Jesús no es un sacerdote del Templo, ocupado en cuidar
y promover la religión. Tampoco lo confunde nadie con un maestro de la Ley,
dedicado a defender la Torá de Moisés. Los campesinos de Galilea ven en sus
gestos curadores y en sus palabras de fuego la actuación de un profeta movido
por el Espíritu de Dios.
Jesús sabe que le espera una vida difícil y conflictiva. Los
dirigentes religiosos se le enfrentarán. Es el destino de todo profeta. No
sospecha todavía que será rechazado precisamente entre los suyos, los que mejor
lo conocen desde niño.
El rechazo de Jesús en su pueblo de Nazaret era muy
comentado entre los primeros cristianos. Tres evangelistas recogen el episodio
con todo detalle. Según Marcos, Jesús llega a Nazaret acompañado de un grupo de
discípulos y con fama de profeta curador. Sus vecinos no saben qué pensar.

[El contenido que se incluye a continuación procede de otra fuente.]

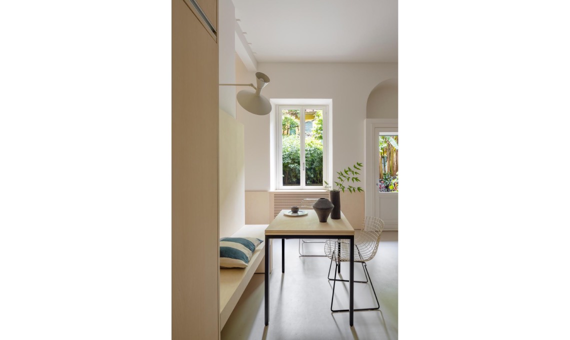 La zona pranzo, organizzata accanto alla cucina, è composta da una lunga panca che serve un tavolo in legno e ferro, tutto progettato da Archiplan Studio. Quando ci sono ospiti basta ruotare le gambe della base, aprire a libro il piano e il tavolo diventa comodo per 5 persone da far sedere sulle sedie icona Bertoia e Plia (che è appesa in camera da letto) e sullo sgabello con seduta in acciaio intrecciato.
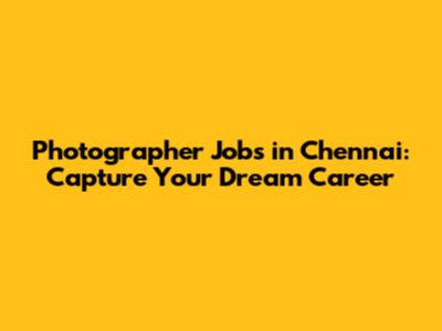 Photographer Jobs In Chennai: Capture Your Dream Career

Al llegar el sábado, Jesús entra en la pequeña sinagoga del
pueblo y “empieza a enseñar”. Sus vecinos y familiares apenas le
escuchan. Entre ellos nacen toda clase de preguntas. Conocen a Jesús desde
niño: es un vecino más. ¿Dónde ha aprendido ese mensaje sorprendente del reino
de Dios? ¿De quién ha recibido esa fuerza para curar? Marcos dice que todo “les
resultaba escandaloso”. ¿Por qué?
Aquellos campesinos creen que lo saben todo de Jesús. Se han
hecho una idea de él desde niños. En lugar de acogerlo tal como se presenta
ante ellos, quedan bloqueados por la imagen que tienen de él. Esa imagen les
impide abrirse al misterio que se encierra en Jesús. Se resisten a descubrir en
él la cercanía salvadora de Dios.
Pero hay algo más. Acogerlo como profeta significa estar
dispuestos a escuchar el mensaje que les dirige en nombre de Dios. Y esto puede
traerles problemas. Ellos tienen su sinagoga, sus libros sagrados y sus
tradiciones. Viven con paz su religión. La presencia profética de Jesús puede romper
la tranquilidad de la aldea.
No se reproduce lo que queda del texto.